Today, based on the model created by best-selling author and trauma expert Pia Mellody (Facing Co-dependence ©2003), I share with you, Gifts from a Challenging Childhood: Creating a Practice for Becoming Your Healthiest Self. In these pages, you will: 

• Learn and adopt 5 Core Practices for healthy living
• Cultivate a framework for your functional adult Self
• Gain clarity about your family-of-origin history
• Reparent your historically hurt places
• Speak your truth, and learn to have your own back
• Gather and use resources to help you heal from childhood trauma 


”In Gifts from a Challenging Childhood, author Jan Bergstrom describes with empathy and clarity the exact emotional, intellectual and neurological ways that children’s brains respond to trauma, and how the impact of that experience endures in the child’s life throughout adulthood.  Bergstrom explains how our basic needs as children for love, protection, validation and expression must be met by our parents; and how, when these needs are not met in childhood, we can end up with one-up or one-down self-esteem and over-protective or under-protective boundaries as adults.  In-depth descriptions of supportive, therapeutic techniques abound in this book, from mindfulness to grounding to writing a letter to yourself.  Whether you experienced traumatic neglect or excessive control and enmeshment at the hands of your parents, this book will not only help you identify what went wrong for you, it will also provide you with validating, supportive and compassionate ways to reparent yourself.”

Jonice Webb, PhD
Bestselling author of Running On Empty: Overcome Your Childhood Emotional Neglect and Running On Empty No More: Transform Your Relationships.
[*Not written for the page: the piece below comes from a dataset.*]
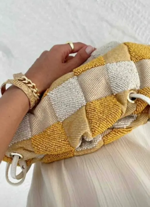 Los accesorios y bolsas son parte fundamental del outfit!! NUEVA! Muy bonita bolsa en algodón bordada con chakiras amarillas y otros bordados. Viene con srtrap desmontable. Perfecto con un outfit base blanca. Más opciones en mi clóset. La base del bordado es algodon al igual que el interior. El strap es desmontable y la puedes usar como clutch. Puede funcionar muy bien para un lindo obsequio.

“Jan's book is a precious guide to untangling the complications and difficulties many of us have in our adult lives, arising from traumatic childhoods.  Read it, underline it, take it with you on your personal journey.  This book will bring you home.” 

Nick Morgan.
President of Public Words, Inc, a communications consulting company, and author of Can You Hear Me? How to Communicate with People in a Virtual World.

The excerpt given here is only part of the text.